I wanna compute value L.

When I enter above equation, it just gives another differential equation.

How can I compute L with Wolfram Alpha?

3 Replies

Do you what compute this: 0.022^220^2 value ? It's: 1.810305182819054738210^-80227

It seems there is no solution:

lsg = NDSolve[
   {y'[x] == (0.004 - (0.022^220^2)/(y[x]^(10/3)))/(1 - ((20^2)/(9.81 (y[x])^3))),  y[0] == 2},
   y, {x, 0, 5000}];
fy = y /. lsg[[1, 1]];
Plot[fy[x], {x, 0, 5000}]

Look at your y'.

Map[Together, (0.004 - (0.022^220^2)/(y[ x]^(10/3)))/(1 - ((20^2)/(9.81 (y[x])^3))), {1}] // Chop // FullSimplify

You start with y[0] == 2. So y' is negative and y will never reach values to change the sign of y', so y will become smaller and smaller.

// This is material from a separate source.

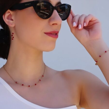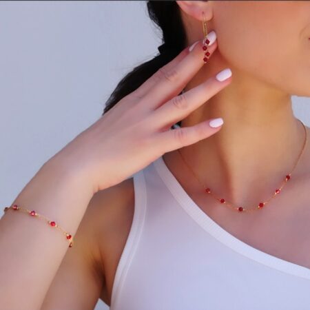 ΣΕΤ Κολιέ,Βραχιόλι,Σκουλαρίκια Με Κόκκινους Κρυστάλλους

Here is another approach to your problem (please name the plot given after NDSolve as pl1)

e1 = (0.004 - (0.022^220^2)/(y^(10/3)))/(1 - ((20^2)/(9.81 (y)^3)));
e2 = e1 // Chop // FullSimplify
SetOptions[Integrate, GenerateConditions -> False];
jj = Integrate[(y^3 - b)/(a y^3), {y, 2, yy}]
lsg = Solve[jj == t, yy][[3, 1]];
fy = yy /. lsg;

fy /. t -> 0 /. a -> .004 /. b -> 40.7747
Chop[fy /. t -> 0 /. a -> .004 /. b -> 40.7747]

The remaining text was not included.